Problem 1: portfolio optimization is too hard
If you are using a spreadsheet, then this is indeed a problem. Spreadsheets are dangerous when given a complex task. Portfolio optimization qualifies as complex in this context (complex in data requirements).
If you are using a more appropriate computing environment, then it isn’t really all that hard. There are a few issues that need to be dealt with, but taking them one at a time keeps the task from being overwhelming.
Solution
If you are using spreadsheets, my prescription is to switch to R. When there is real money on the line, using a spreadsheet for portfolio optimization seems to me to be penny wise and dollar foolish.
If you have other problems with optimization, read the rest of this post.
Problem 2: portfolio optimizers suggest too much trading
A major frustration with optimizers is that the turnover can be excessive.
Solution
All reasonable portfolio optimizers allow:
- turnover constraints
- transaction costs
Use either of these to reduce the turnover to a suitable amount.
We don’t often let cars roll uncontrolled down a hill. And we shouldn’t allow that of optimizers either.
Problem 3: expected returns are needed
First off, this isn’t strictly true. You can find minimum variance portfolios which need a variance matrix but not expected returns. The success of low volatility investing is a reason to go down this route.

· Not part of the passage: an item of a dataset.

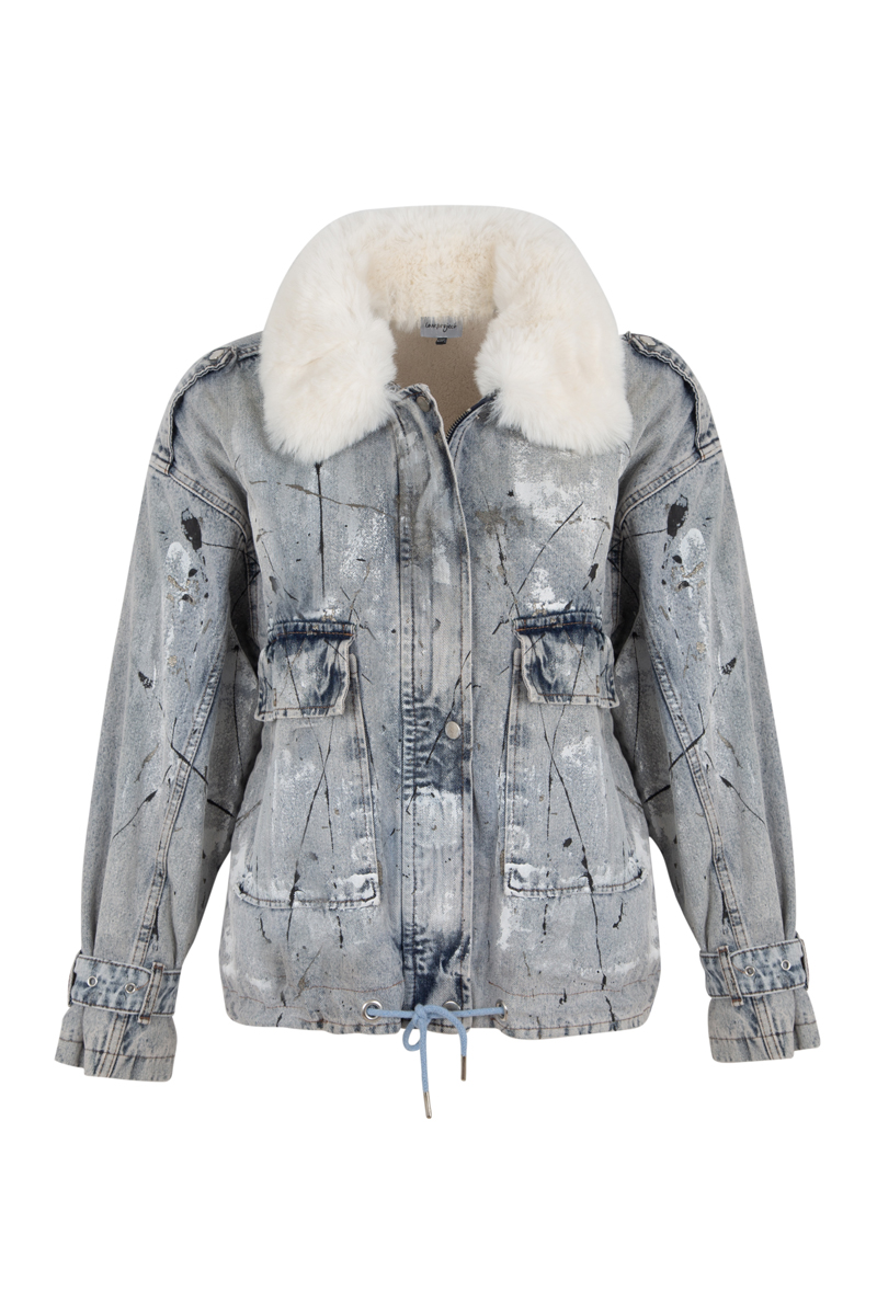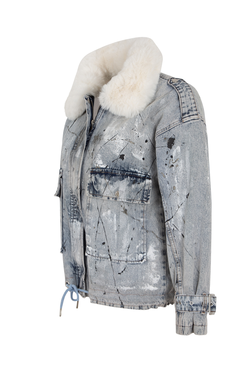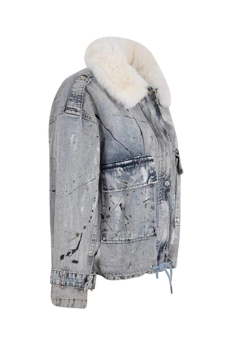 Makawee Kürklü Boyama Denim Ceket – Mavi

But assuming that you are an active investor, you need expectations in some sense. There are a number of techniques that don’t require numerical expected returns.
Solution
target portfolio
Anyone should be able to provide an ideal target portfolio — the portfolio that you would like to hold when all constraints are ignored. Once you have the target portfolio, then you can get a portfolio that is “close” to the target but does obey the constraints. One of those constraints should almost surely be turnover.
In Portfolio Probe you can get close to your target portfolio without either expected returns or a variance matrix.

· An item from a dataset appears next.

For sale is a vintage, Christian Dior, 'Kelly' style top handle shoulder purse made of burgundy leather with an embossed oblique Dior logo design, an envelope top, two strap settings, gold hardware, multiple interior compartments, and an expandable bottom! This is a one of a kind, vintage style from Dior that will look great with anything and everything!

Probably a better solution would be to minimize the tracking error to the target portfolio. This does require a variance matrix.
reverse optimization
The technique of reverse optimization (also called implied alpha) can be used iteratively to try to find a portfolio that looks like what you want in terms of the expected returns that are implied. This avoids actually doing optimization, but it is labor-intensive and it depends on the constraints not spoiling the implied alphas (which is perhaps doubtful).
asset ranks
If you can order the assets in your universe in terms of expected returns, then it is feasible to produce expected returns to give to an optimizer. Ranking assets is much easier than giving numerical estimates of returns.
A paper by Almgren and Chriss explains how to turn ranks into numerical expected returns. The simple case just requires the use of the qnorm function in R. That gives you relative sizes, but you will still want to scale them to match the variance matrix.
Problem 4: mean-variance optimization is restrictive
There is a myth that mean-variance optimization is only useful when returns are normally distributed. That’s backwards. If returns are normally distributed, then mean-variance optimization is all that can be done — all other utilities will be equivalent. See more at “Ancient portfolio theory”.
If the return distribution of any assets in the universe are not reasonably close to symmetric, then, yes, mean-variance optimization is restrictive and should not be used. Examples of disruptive assets are bonds and options.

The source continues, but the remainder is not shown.